United States v. Roger D. Maples

60 F.3d 244 | 6th Cir. | 1995

Lead Opinion

GILMORE, D.J., delivered the opinion of the court, in which BOGGS, J., joined. NELSON, J. (p. 248), delivered a separate dissenting opinion.

GILMORE, District Judge.

This appeal involves the question of whether a district court abused its discretion when *246it ordered the suppression of relevant evidence for an unintentional discovery violation. For the reasons set forth below, we conclude that the District Court abused its discretion, and we must reverse its order suppressing evidence and remand the case for trial.

On March 15, 1994, a Federal Grand Jury, sitting in the Eastern District of Tennessee, returned a two-count indictment against appellant Roger D. Maples. The first count charged him with manufacturing marijuana, the second with possession with intent to distribute marijuana.

Maples was arraigned on March 23, 1994, and trial was scheduled for May 24, with a deadline for pretrial motions of April 15. Defendant filed a flurry of motions and mem-oranda on April 15, including a motion to disclose all statements the Government would seek to attribute to the defendant. The court granted this motion on May 5, and postponed the trial until July 29, 1994.

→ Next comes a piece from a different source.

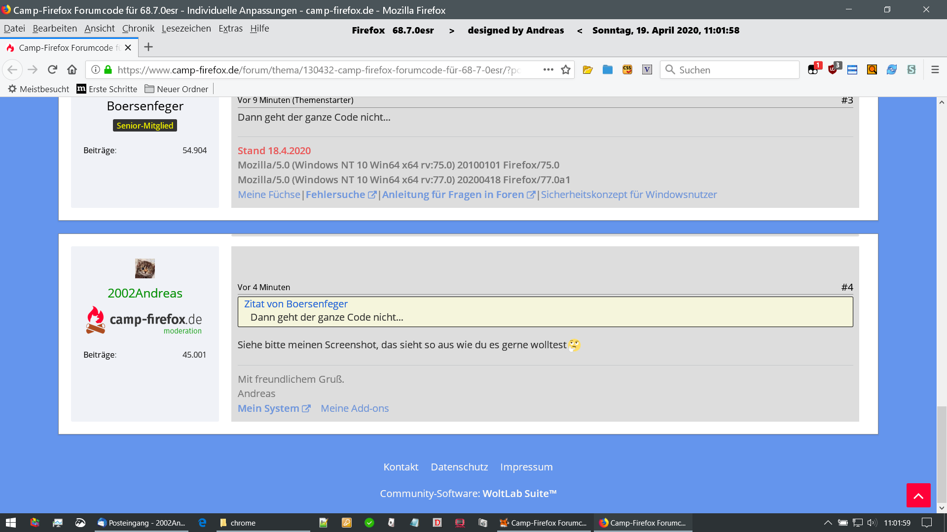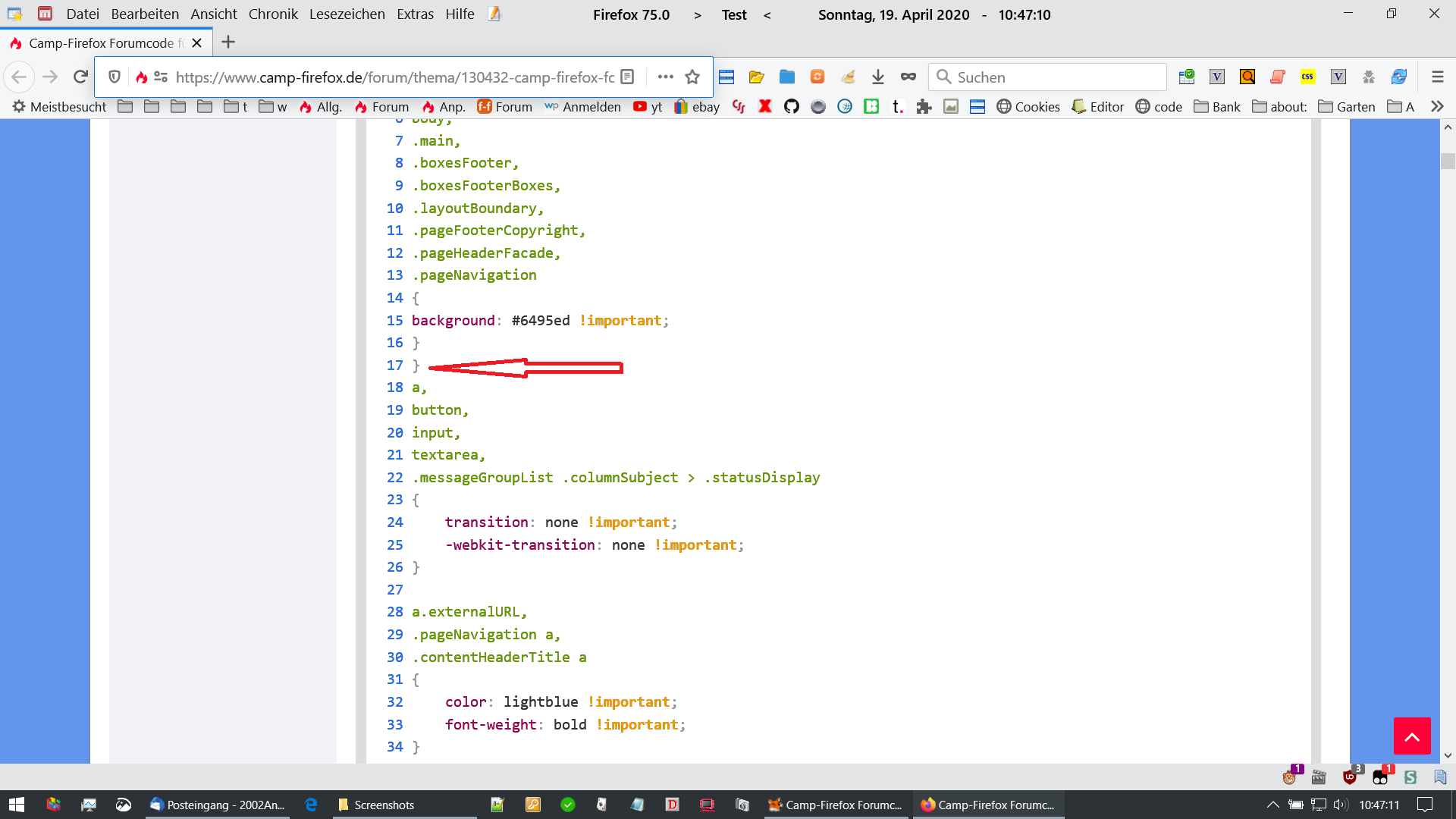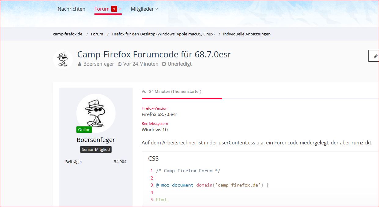 Auf dem Arbeitsrechner ist in der userContent.css u.a. ein Forencode niedergelegt, der aber rumzickt.

On June 10, defense counsel learned of a video tape of Maples making an inculpatory statement. On June 17, counsel moved to suppress the tape and related materials as a sanction for discovery abuse, pursuant to Fed.R.Crim.P. 16(d)(2), claiming the government had violated the court’s May 5 discovery order. A magistrate judge conducted a hearing on June 24, and filed a Report and Recommendation to grant the defendant’s motion. He concluded that “The Court’s order on discovery ... has been violated by the government. I do not find that such a violation was deliberate, nor do I know of any specific prejudice that has occurred to the defendant since the trial of this ease is not set until July 29, 1994. However, the government failed to exercise due diligence.”

The magistrate judge further held that granting a continuance would be a slap on the wrist of the government, so suppression was a more proper remedy. The district court heard oral argument, and, on July 25, adopted the magistrate judge’s Report and Recommendation in its entirety. This interlocutory appeal, pursuant to 18 U.S.C. § 3731, followed.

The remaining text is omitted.